On Wed, Feb 13, 2013 at 12:22 PM, Guillermo Ontañón
<guillermo at midokura.jp>wrote:

> Hi Dan,
>
> Good questions, my comments below...
>
>
> On Wed, Feb 13, 2013 at 6:43 AM, Dan Mihai Dumitriu <dan at midokura.com>wrote:
>
>> Hi Guillermo,
>>
>> I was just about to send a message with a similar proposal, and you just
>> beat me to it! :) This looks great.
>>
>> There are a couple of points I want to raise.
>>
>> - since one of our objectives is to connect a private cloud to an AWS
>> VPC, is it correct that our IPSec VPN will have to run in client mode as
>> well?  Actually, I don't know how this stuff is supposed to work.  Is one
>> side a server and the other a client?  Or is the configuration of such a
>> VPN symmetric?
>>
>
> The configuration is symmetric, there's no server and client. Once set up,
> both IPsec gateways should try to contact the other (UDP port 500).
>
>
>> - for managing the IPSec instances, do we want to leverage the VMs of the
>> cloud stack on top of which we're running?  We talked about running them in
>> containers before.  I think I might be coming back around to thinking that
>> VMs are the way to go. :) If the performance is good enough, something
>> which has to be measured.  (CloudStack runs all services in VMs.)
>>
>
> That's the biggest question we have, I was just discussing this with Abel.
> I don't have a final opinion yet, before I do want to do a real test with
> Amazon. Some thoughts:
>
>   * Containers will not be possible if the IPsec SPDB is not per-container
> too. I haven't tried but have been unable to find anyone who has gotten it
> to work.
>   * The downside of using a VM is maintaining the image with updates, etc.
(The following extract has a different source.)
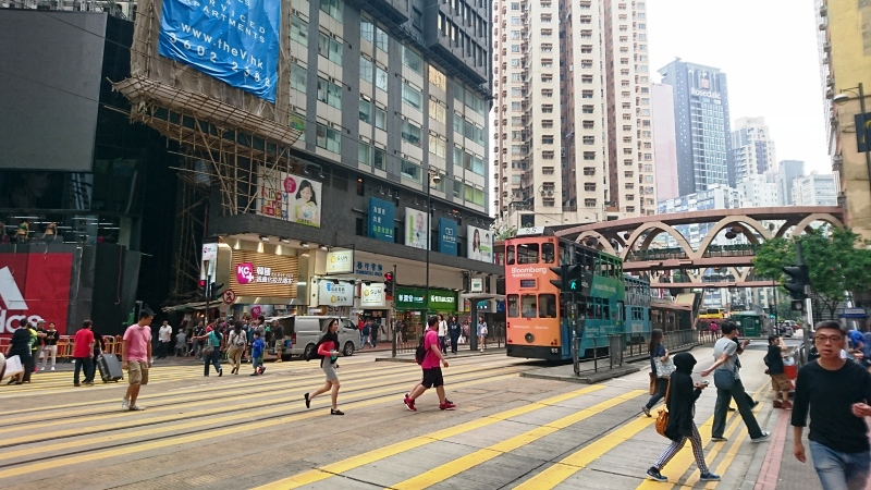 Di Causeway Bay ini ada penampakan trem. Kalau di Kowloon sebelumnya nggak ada. Untuk jarak deket, enak bepergian naik trem ini. Haltenya di tengah jalan. Selain tranportasi umum yang menyenangkan, Keano suka Hong Kong karena banyak mobil mewah seliweran. Gak berhenti-berhenti deh Keano teriak kalau ada mobil sport keren yang lewat. Dan ini sering banget. Kita sampe capek dipanggil-panggil suruh liat mobil sama bocah ini.
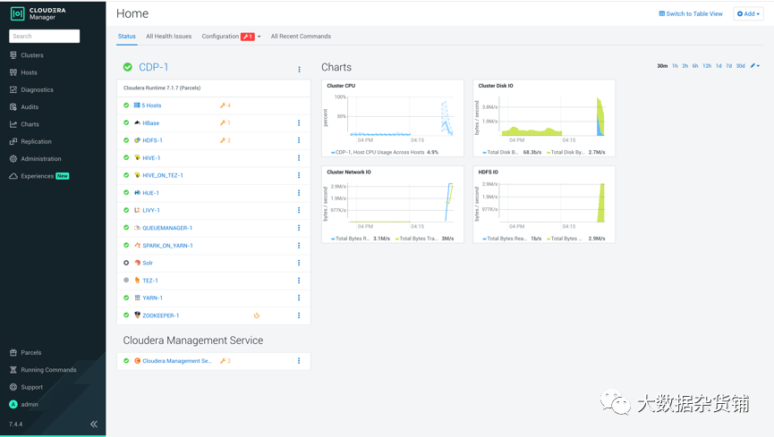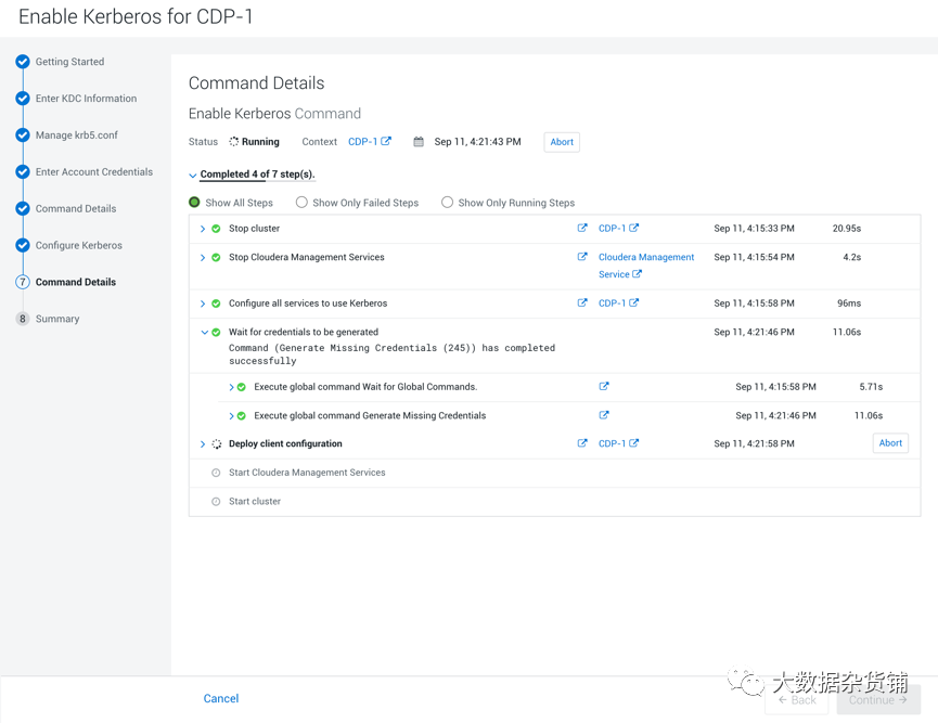 系统会自动停止集群,配置所有服务启用Kerberos,生成凭据,部署客户端,并启用Cloudera Management服务和启动集群。

>   * A second downside of the VM is that we'd be redoing some of the work
> in the current BGP feature.
>   * The upside of using a VM is very attractive to me: you have this black
> box with two ports that you can plug anywhere into the virtual topology. In
> this case we'd put BGP and IPsec in the VM, plugged to a tenant router on
> one side and to the provider router (or even a second port of the tenant
> router) on the other.
>   * Unless we do a clever trick (connection through the datapath?) BGP and
> IPsec have to run in the same container/vm/whatever. Because when BGP sends
> packets out of its link-local-address the destination address is on the
> same ip subnet and on other side of the tunnel, so they have to be fed into
> the networking stack that has the IPsec SPDB. I mention this because Abel
> and I have been discussing ways of making the BGP and IPsec instances
> independent, reusing our current BGP setup.
>
>
>> - CloudStack already has an IPSec VPN in the router VM.  We just spoke
>> yesterday about leveraging that to support the feature when running
>> together with MN.  In order to add a BGP option, we have to extend the CS
>> API itself.  To make this fault tolerant, we should probably prepare
>> another image.
>>
>> - On the OpenStack side, in order to consider this a complete feature, we
>> also need to add APIs to quantum.  Does anyone know if there is any ongoing
>> blueprint for a VPC feature?  In addition, we need to prepare a VM with the
>> ipsec code and some agent that we can control from MN.  For the control
>> connection between the MN agent and the agent in the VM, one way to go is
>> to do as CloudStack does, that is to create another interface that is
>> bridged to the host with a link local address.
>>
>
> Sounds like we could create a VM base image with an extensible agent and
> VM-Midonet port that 3rd parties could build on.
>
>
>>
>> Thoughts?
>>
>> Cheers,
>> Dan
>>
>>
>> On Wed, Feb 13, 2013 at 2:41 AM, Guillermo Ontañón <guillermo at midokura.jp
>> > wrote:
>>
>>> Hello devs,
>>>
>>> I'm including below my initial discussion about adding IPsec
>>> support for midonet. It's still a bit rough but enough to
>>> spark discussion. Some details (implementation related mostly)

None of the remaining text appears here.